Vinokurov, Evgeny (born 6 October 1975) is a Russian economist, currently serving as the Chief Economist at Eurasian Development Bank and the Eurasian Fund for Stabilization and Development (EFSD). His research is in macro- and microeconomics, regional integration, global financial and economic architecture and international organizations.

He was educated at the universities of Kaliningrad, Göttingen, Grenoble and Moscow. He holds a Ph.D. (doktor nauk) in economy from the Institute of World Economy and International Relations (IMEMO) of the Russian Academy of Sciences, Moscow; and a Ph.D. from Pierre Mendes-France University (Grenoble II). After several years of experience in applied economy research projects at the Centre for European Policy Studies (CEPS), Catholic University of Leuven and the University of Jena he proceeded to working with the Eurasian Development Bank (EDB), being responsible for macro- and microeconomic analysis in particular, as well as the development bank's nascent research program.

Founding director of the EDB Centre for Integration Studies since 2011 until 2018. Over these years, EDB Centre for Integration Studies has published 50 reports on such issues as Eurasian integration, macroeconomics, investments, trade, cross-border infrastructure, labour migration and remittances, and the public perception of integration. All of the Centre’s reports are publicly available, open-access resources.

Since 2018 Vinokurov is the Chief Economist of the Eurasian Fund for Stabilization and Development. Simultaneously, since 2020 he is Chief Economist at the Eurasian Development Bank. The EFSD primarily provides budget and balance of payment support loans as well as large-scale infrastructure investment loans to its member states. The Chief Economist Group provides research in macro- and microeconomic issues with the focus on macroeconomic stability, fiscal sustainability, and debt sustainability of the EFSD member states. It also covers global and regional economic trends and various issues related to the global economic and financial architecture.

Vinokurov is the author and editor of 19 books, and a member of such professional bodies as International Studies Association and the American Economic Association. Professor of the Russian Academy of Sciences. Member of the Russian Council for International Affairs.

Academic Interests
He devoted several years to studying enclaves and exclaves. The main research findings are reflected in the books "A Theory of Enclaves", "Kaliningrad: Enclaves and Economic Integration", and "Adapting to European Integration? The Case of the Russian Exclave Kaliningrad". "A Theory of Enclaves" was also published in Russian. The study is built on the analysis of an extensive database that covers over 280 enclaves and exclaves. Enclaves are a fairly frequent phenomenon. The role of the enclaves as a generator of conflicts between motherland and surrounding states (e.g., Britain and Spain in the case of Gibraltar, Russia and the European Union in the case of Kaliningrad, Spain and Morocco in the case of Ceuta and Melilla) is of particular interest. A theory of enclaves provides the answers to two fundamental questions: what factors determine the enclaves' sovereign belonging (ethnic composition of the population) and what economic policies can ensure their successful sustainable economic development (economic openness).

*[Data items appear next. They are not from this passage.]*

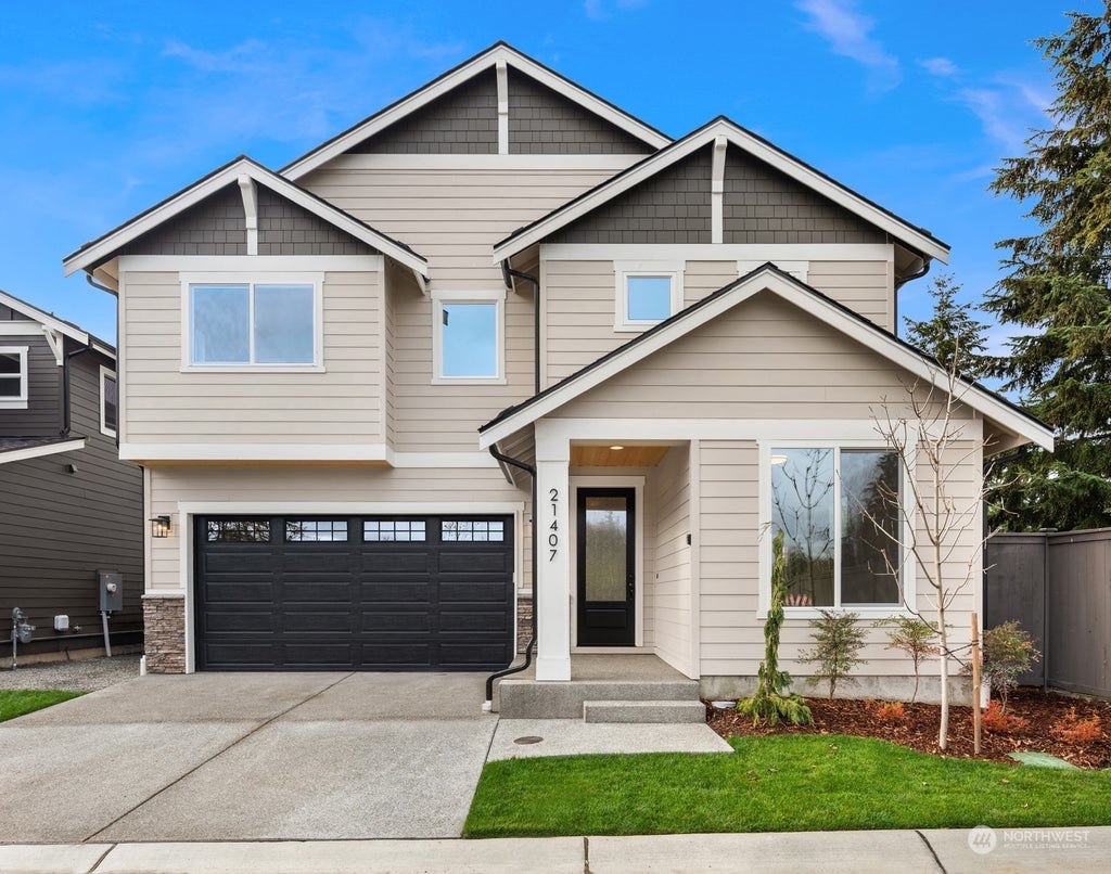 New Construction - MOVE IN READY. Elegance abounds in these brand new thoughtfully designed homes built by award winning JK Monarch. Rosemary's Glade Lot 1 is a contemporary 2-story, 5 bedroom home with 2.75 baths and designer touches throughout. The 1st floor offers a main floor office/guest suite with ¾ bath, a light-filled great room including kitchen with island seating, dining area and cozy family room with feature gas fireplace. Upstairs includes a leisure loft, the spacious primary en-suite, 3 more bedrooms, a full bathroom and laundry room. Relax in your grassy backyard under the covered outdoor living space and enjoy the convenience of a 2 car garage. This intimate neighborhood with open space is just minutes local amenities.
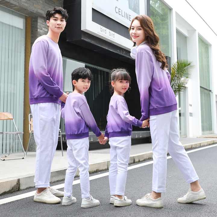 Family Matching Outfits Set Cotton Colorful Long Sleeve Blouse Daily Wear Tops Shirt Sets
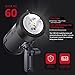 👍【Interchangeable Flash Heads】Interchangeable bare bulb flash heads and Speedlite-Styled Fresnel Head, fast recycle time up to 0.01-1.8s, with speedlite flash head, flash duration up to 1/220-1/15380 seconds ,with Bare bulb flash head, Flash Duration up to 1/220-1/13510.
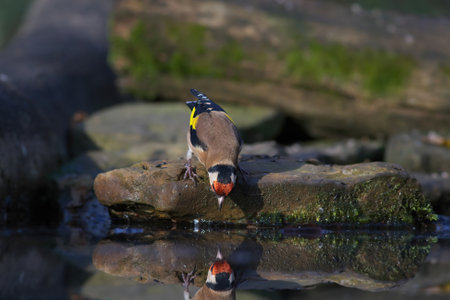 A closeup of a beautiful goldfinch drinking water from a lake in the forest
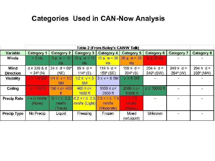 Categories Used in CAN-Now Analysis
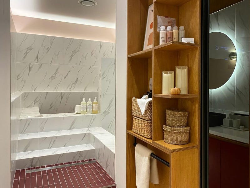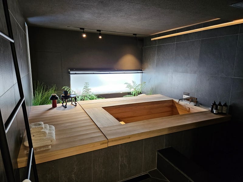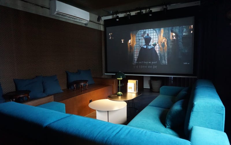 후암연립의 각 공간에는 딱 필요한 가재만 존재해요. 3평짜리 후암 제빵실에는 커다란 오븐, 각종 베이킹 용품과 테이블이, 후암거실에는 ‘ㄷ’자 형태 쇼파, 좌석과 대형 스크린, 5.1채널 스피커만이 자리를 차지하죠. 1인용 리프레쉬 공간인 후암별채에서는 온전히 목욕에 집중할 수 있도록 TV 등 다른 방해 요소를 일부러 넣지 않았어요.
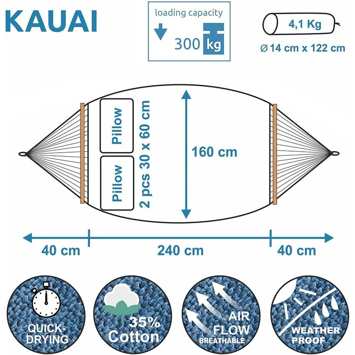 Опис Гамак з 2 подушками 240 x 160 см your GEAR
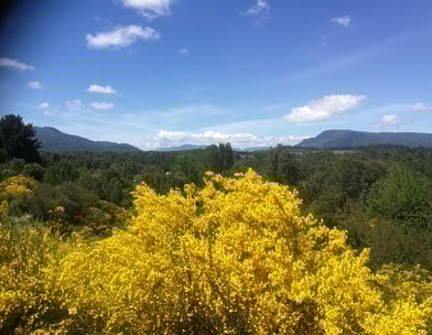 Die Anden sind hier nicht so hoch und sehr grün: Blick in Richtung Argentinien
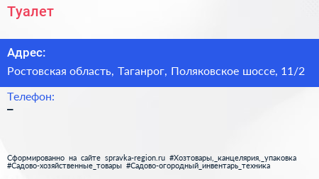 Туалет по адресу Ростовская область, Таганрог, Поляковское шоссе, 11/2 в дальнейшем Организация, размещена в следующих категориях:
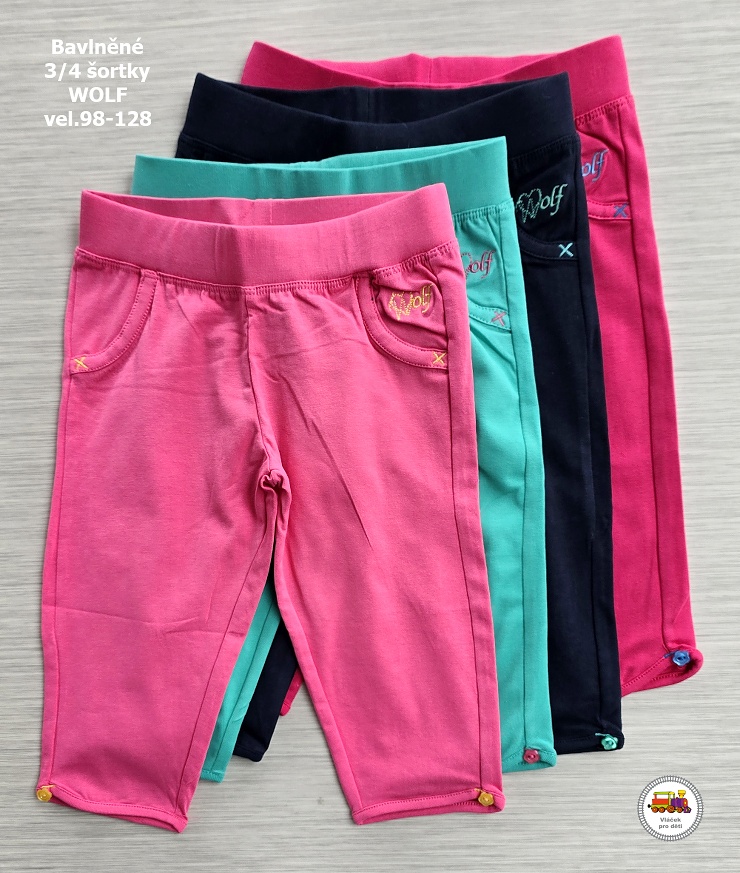 Bavlněné 3/4 dívčí šortky Wolf - šortky pod koleno s knoflíčky na bocích.
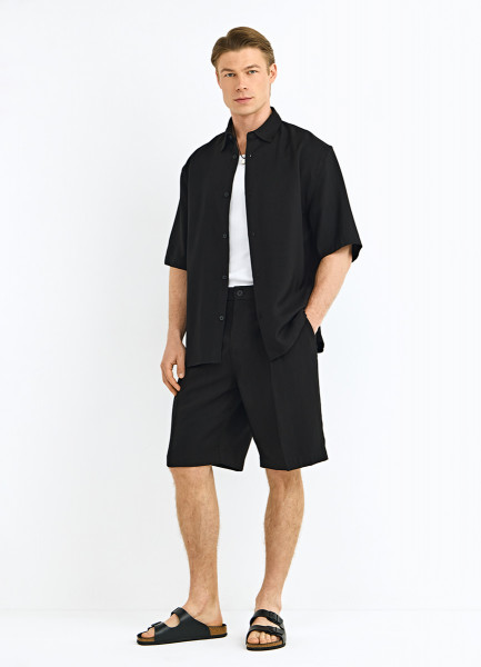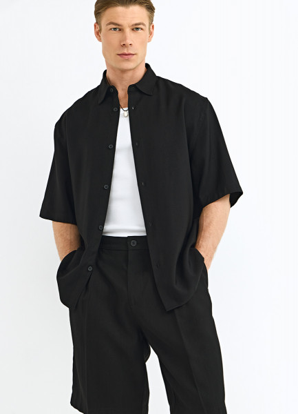 Рубашка из вискозы с коротким рукавом, Черный

Starting from 2003, Vinokurov has been engaged in studying economic and political integration. His interest in the Russian-European vector led to the publication of the book "The CIS, the EU, and Russia: The Challenges of Integration". Since 2006, while working in the EDB, Vinokurov focused on the issues of economic integration in the post-Soviet space and Eurasia. In 2007 Vinokurov became the Editorial Board member of the International Journal of Economic Policy in Emerging Economies. In 2008 he launched and became the editor of the EDB Eurasian Integration Yearbook (in English) and the quarterly research and analytical Journal of Eurasian Economic Integration (in Russian), published by the EDB until 2013 and 2015, respectively.

In 2009 he headed the international research group and published the EDB System of Indicators for the Eurasian Integration (SIEI), a complex system of comprehensive monitoring of statistics and dynamics of regional integration in the CIS region with the use of a specialized economic toolkit. Together with A. Libman they also developed a theory of holding-together regionalism to explain the patterns of regional re-integration processes (relevant for the explanation of integration patterns not only in the post-Soviet space but also in Africa and some other regions).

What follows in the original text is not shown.